Banners & Cranks for Kids and their Grown-Ups
This event presents cantastoria and cranky shows in the grand tradition, geared towards family audiences, with live music, moving pictures, and lots of stories.
Jenny's shows:
1. A family friendly sing a long show created with Mor Erlich of Sez Me  on the topic of SANDWICHES.
 
2.  THE REVIVAL OF THE UZDA GRAVEDIGGERS 
 A picture recitation show that invites you on a tour of the Belarusian village of Uzda, where the cemetery hides some surprising (or not-so-surprising) histories of inter-religious coexistence, solidarity, and defiance of authoritarian blockheads. Based on the creators' journeys through Líte — the historical Jewish-Lithuanian borderlands — on the Yiddishkayt Helix Project 2015, the REVIVAL combines multilingual source texts and folksongs with original material to tell funny and shocking stories of funerals and foodways in a "mostly ordinary town." In English, Yiddish, and Belarusian. THE REVIVAL OF THE UZDA GRAVEDIGGERS is a Great Small Works collaboration by Geoff Berner, Ben Kline and Jenny Romaine.
More about Cantastoria:
Cantastoria is the Italian word for an ancient performance form involving the theatrical display of paintings accompanied by sung narration. A precursor to modern puppet theater, this practice originated in 6th Century India and spread East and West, with many different variations in style and subject matter.

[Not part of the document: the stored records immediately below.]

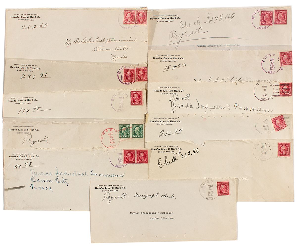 c1920 These covers are from the Clark County town of Ehrlet (DPO). All bear the corner advertisement for Nevada Lime & Rock Company of Ehrlet.These are from former Nevada State Tresurer Dan Franks' Collection. - HKA#66021
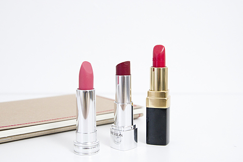 お目立ちカラーの口紅をオン
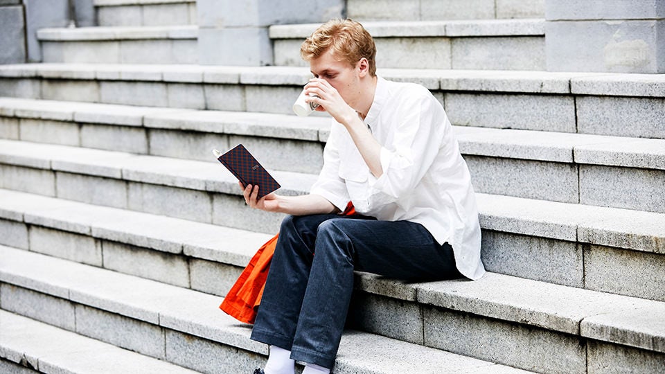 シャツに使われる生地を表紙に仕立てているのが、
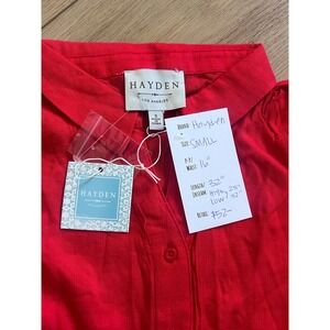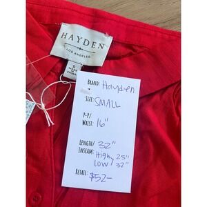 Hayden Los Angeles Red Linen Tiered High-Low Sleeveless Button Front Dress x123

Recently there has been a revival of interest in Cantastoria among puppeteers, artists, and activists in the West, who find that this ancient form has startlingly modern qualities and can easily be infused with fresh content. The use of the cranky (a sister to the cantastoria in which the images appear on a scroll which is turned by means of a crank) has also lately grown popular among folk musicians and artists looking for new ways to perform their songs and display their artwork in a performance context. Banners and Cranks is committed to the concept of a nomadic festival, both because it is in keeping with the historic itinerant roots of the performance form, and also because they hope that the fest will reach new audiences of makers and thinkers who have never seen cantastoria before, inspiring the uninitiated to take up the form and invent fresh approaches to the magic of the cranky and the picture story.
This is a living and breathing folk performance practice that has its own particular place alongside the technology and media of the 21 st century.